Шрифт:
Закладка:
Ну а потом уже всерьез обсуждался вопрос: не поместить ли меня в психиатрическую больницу? И об этом велись переговоры с комсоргом нашей группы Борисом Пышковым. Он был поставлен перед альтернативой: либо заявление на меня в органы, либо докладная о моей невменяемости. И тогда Борис Пышков, как он потом мне объяснял, выбрал из двух зол меньшее: как представитель общественной организации, он написал заявление о необходимости поместить меня в психиатрическую больницу. Этот последний разговор происходил у нас в октябре 1952 года – в тот момент, когда, по сути дела, со мной уже «попрощались».
Оказалось, что я совершенно неправильно объяснил происхождение феодализма в Китае, неправильно толковал в своей курсовой работе происхождение феодализма в Киевской Руси, сделал неправильный доклад о народовольцах… И вдобавок произошло еще одно событие, которое в какой-то мере определило мою судьбу.
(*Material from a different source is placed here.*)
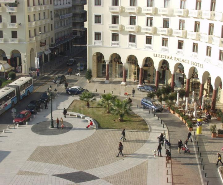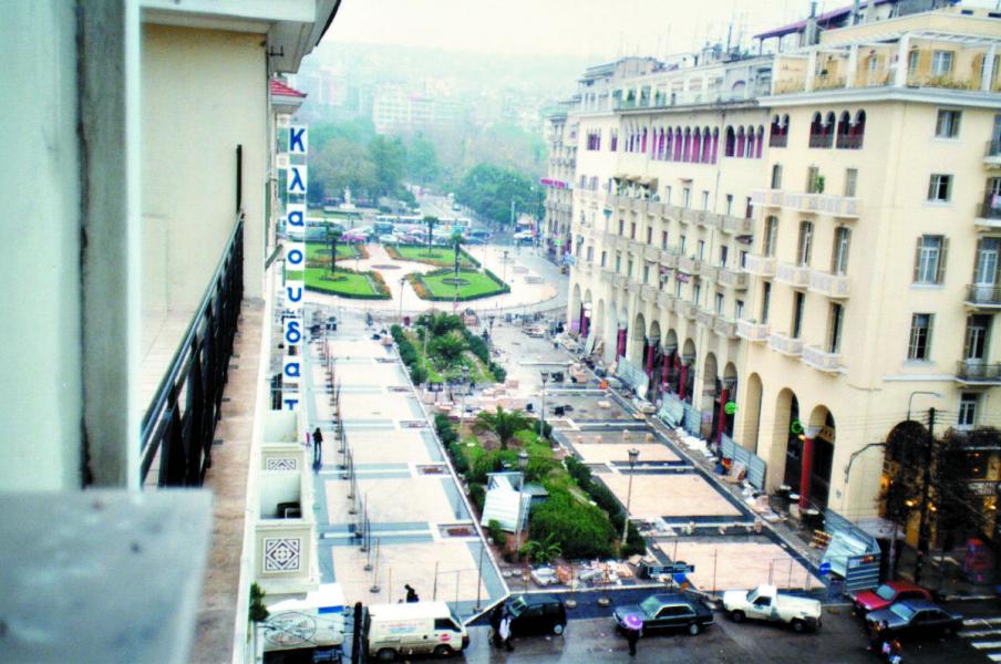 Eurotravertine and Evenos (Edessa) black, both quarry owned materials were selected in the renovation of the square in the end of 1990s to offer to the landscape of the square its preserved natural feeling within the city center boundaries.

В своем движении по разным кафедрам философского факультета я однажды забрел на кафедру логики, которая тогда меня привлекала меньше всего, поскольку я твердо знал, что формальной логики больше нет и быть не может, а диалектическая еще не создана – есть только логика «Капитала», а Логики еще нет[184]. Я слышал про эти истории с «Теоретической логикой» Гильберта и Аккермана, мне очень нравилась книжка Шарля Серрюса, которую было запрещено пропагандировать, мне очень не нравились лекции наших факультетских логиков, в частности Павла Сергеевича Попова, тем более лекции Алексеева или Черкесова.
Попал я на доклад Митрофана Николаевича Алексеева (потом научного руководителя Александра Зиновьева и Бориса Грушина) о развитии логических форм мышления. При этом он определял формы как то общее, что мы выделяем из всего ряда наблюдающихся явлений мышления в их историческом ряду, а потом ставил вопрос, как они могут развиваться и развиваются.
Георгий Щедровицкий
Я схематизировал его доклад, привел к противоречию и задал ему развернутый вопрос: «Скажите, пожалуйста, а как вы это представляете? Как могут иметь развитие формы, которые вы выделили по тождеству всех явлений? Как можно вообще осмысленно ставить такой вопрос?»
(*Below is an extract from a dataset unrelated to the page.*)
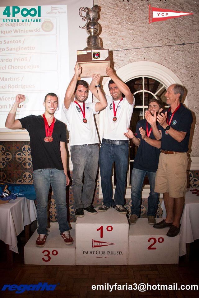 Rafael Gagliotti e Henrique Wisniewsky são campeões paulistas! Parabéns! O evento foi disputado em dois finais de semana no Yacht Club Paulista, na Guarapiranga, com direito a jantar e sorteio de prêmios no final. 40 barcos estiveram presentes, sendo 25 da capital, 5 de Ilhabela (sede do próximo Paulista em 2016), 5 de Santos e 5 do Rio de Janeiro!
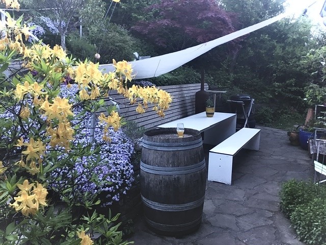 ... Danke, hab ich zum Feierabend im Garten am Faß genossen.

Он просто не понял моего вопроса. Понял Черкесов, который тотчас же взвился. Понял Ахманов (он тогда еще был на кафедре), представитель старой формальной школы, который сказал: «Вот прекрасный вопрос задал молодой человек». Его поддержал Попов. И так как ситуация была вроде бы разумная и очевидная, то Черкесов начал кричать на меня, спрашивать, с какого я курса, откуда я такой взялся, почему он меня еще не знает и зачем я с диверсионными целями явился на заседание кафедры. Я сначала терпеливо объяснял, что никаких «диверсионных» целей у меня не было, что я пришел послушать интересующий меня доклад и вот задаю сугубо научный вопрос… На что он мне очень разумно и резонно отвечал, что вопросы, на которые докладчик ответить не может, не могут квалифицироваться как научные.
Закончилось это тем, что меня попросили уйти с заседания кафедры, и Черкесов предупредил, что больше меня на заседания кафедры пускать не будут. Ну, вот тут я завелся впервые, так сказать, на полную катушку.
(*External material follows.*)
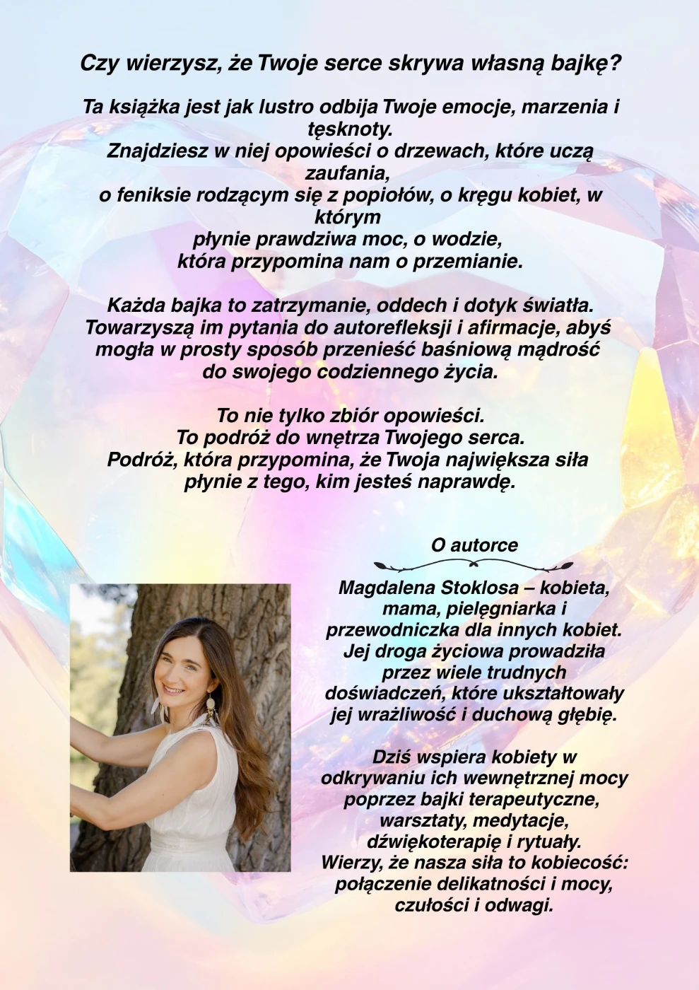 „Bajki terapeutyczne. Opowieści serca i duszy” to zbiór symbolicznych historii, które dotykają głębokich emocji i pomagają odnaleźć spokój, odwagę i sens. Każda opowieść jest jak lustro, które odbija Twoje doświadczenia i prowadzi Cię w stronę większej harmonii.
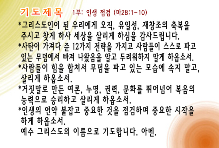 그리스도인이 된 우리에게 오직, 유일성, 재창조의 축복을 주시고 찾게 하사 세상을 살리게 하심을 감사드립니다. 사탄이 가져다 준 12가지 전략을 가지고 사람들이 스스로 파고 있는 무덤에서 빠져 나왔음을 알고 두려워하지 말게 하옵소서. 사람들이 힘을 합쳐서 무덤을 파고 있는 모습에 속지 말고, 살리게 하옵소서.

Может быть, в этом была прагматическая, корыстная цель. Дело в том, что мне все больше и больше нравилась философия как таковая, я к этому времени уже понял, что это область моей жизни (я вспоминал все время слова Вовченко о том, что буду ползать на коленях, просить спасти), что выхода у меня уже нет (с ребенком, которого надо кормить); я начал искать для себя такую экологическую нишу, в которой смогу существовать. И тогда на передний план для меня стала все больше выступать логика.
Короче говоря, я пришел к выводу, к которому, как я теперь понимаю (или понял уже даже тогда), приходили – каждый в отдельности – те действительно мыслящие люди, которые попали на философский факультет. К этому времени область логики стала той областью, в которой сосредоточили свои усилия все те, кто на самом деле любил философию и хотел в ней работать, ибо логика не рассматривалась как непосредственно идеологическая область. И в ней, казалось, можно было работать.
Я начал все больше и больше подумывать, не оставить ли все интересовавшие меня вопросы истории, исторического процесса, судеб человека как таковые, во всяком случае формально публично их не выражать, а искать некоторую область профессионализации – искать ее собственно в логике.
И вот примерно тогда же произошла моя первая встреча с Александром Зиновьевым – сначала совершенно юмористическая.
Дело в том, что в ходе многочисленных эпизодов борьбы за свое существование и за разумность я однажды выступил на групповом комсомольском собрании с критикой системы подготовки, системы образования на факультете. Я говорил, что от нас требуют хорошего знания гегелевской философии, вообще первоисточников, а времени для проработки концепции Гегеля дают две недели, и это смешно. «И поэтому, – сказал я, – нам не удается читать Георга Вильгельма Гегеля, а приходится читать Георгия Фёдоровича Александрова. И, прочитав Георгия Фёдоровича, мы потом весело и вольно рассказываем о Георге Вильгельмовиче». Эта шутка стала известна всему факультету, была распространена среди студентов и дошла опять-таки до комсомольского и партийного бюро факультета. И там решили примерно наказать меня за все эти безобразия. Но как наказать? Ведь говорил-то я вещи совершенно правильные…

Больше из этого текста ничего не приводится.